The phone rang and a harried woman answered it with quick yesses and nos. She hung up, grabbed her wool coat off the back of her chair and took her purse. “I've got to go, Vilnia,” she said. “That was my son. He's at a basketball game and needs to be picked up.”

“Can't Arch get him?” Vilnia said.

“Are you for real? Arch is passed out in the wing chair by now.” She waved good-bye and left.

“That's our problem,” Vilnia said. “Almost all of these women work during the day. The only time they can get away is after dinner and even then family intrudes.”

I still wasn't following. “What is it, exactly, that these women are doing? What do you want?”

“We want change. First we want the mining companies to fill up all the holes and gravel pits so that no more children die when they fall into them and drown,” she said. “Do you know how cold that water is? And you can't get out once you're in because the rock face around the water is slippery smooth. It's impossible to get a grip, so you eventually develop cramps because of the freezing temperatures and that's the end.”

“She's right,” Roxanne said. “That happens a lot here in those old pits.”

“Our final goal is more ambitious.” Vilnia breathed in and out deeply. “We want the mining to stop, period. Forever. It is a dangerous, cruel, dirty and environmentally devastating industry. It widows women and orphans children. It has to end.”

I sat back and picked at my uneaten cake. Vilnia was a toned-down Molly Maguire. Who would've thunk. “But how will people in Slagville earn a living?”

“We almost had the solution—until Bud Price was murdered. And that is what we're doing here.” Vilnia swung around in her
chair and surveyed the room of busy women. “Every night since Bud's death we've been researching the state and federal land use laws, putting together a comprehensive package for the state regulators on why they should permit this casino to be built. Our goal is to make sure that we have answers for every question. Let me tell you, it is not an easy task.”

Canned laughter from the TV erupted in the other room. Chrissy Price giggled.

“Dim bulb, that one,” Vilnia said, thumbing toward the living room. “That's our biggest obstacle to passage right there.”

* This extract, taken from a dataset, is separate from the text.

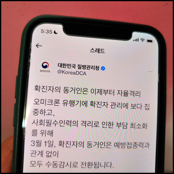 [사진 = 질병관리청 공식 트위터에서는 3월 1일부터 자가격리 기준 달라졌음을 알렸습니다. 확진자 동거인은 예방접종력과 관계 없이 모두 수동감시로 전환된다고 합니다. (C) 질병관리청 공식 트위터]

“So why did you kidnap her?” I said.

“Because we couldn't afford for her to get murdered, too. If there is, like I've been saying, a third party who is bound and determined to get hold of the land she inherited after Bud's death, the Dead Zone, then she needs protection.”

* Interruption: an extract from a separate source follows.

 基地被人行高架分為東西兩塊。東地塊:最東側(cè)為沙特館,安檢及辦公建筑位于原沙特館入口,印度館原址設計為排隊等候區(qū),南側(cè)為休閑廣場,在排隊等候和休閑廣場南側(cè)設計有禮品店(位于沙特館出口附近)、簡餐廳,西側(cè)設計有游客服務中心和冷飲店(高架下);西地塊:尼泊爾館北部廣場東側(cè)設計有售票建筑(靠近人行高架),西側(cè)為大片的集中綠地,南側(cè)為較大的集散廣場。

Elaine handed Vilnia a computer printout. I mulled over what Vilnia had just said about there being a third party who wanted Bud Price's land. If that were true, then perhaps that third party was the same person who put pressure on Hugh McMullen to develop the fire extinguisher. It made sense considering that the Mammoth Basin, the largest deposit of anthracite in North America, extended under the Dead Zone. Only it couldn't be mined because of the fire. Until now.

Vilnia finished reading the fax and tossed it aside. “If we had stood idly by, there was also the chance that Chrissy would have sold the Dead Zone back to McMullen and pocketed the cash. And with Stinky's fire extinguisher—”

Roxanne practically leaped off the bench. “You knew about that? How come everybody in Slagville has heard of Stinky's fire extinguisher except me?”

“Chill, Imelda Marcos.” Vilnia shook her head. “Those shoulder pads, Roxanne, they're hideous. You look like you're playing center tackle.”

Roxanne sat down and touched her shoulder pads.

“But if you had Stinky's fire extinguisher, you could do with it
what you wanted,” I said. “You could keep it out of McMullen Coal's hands.”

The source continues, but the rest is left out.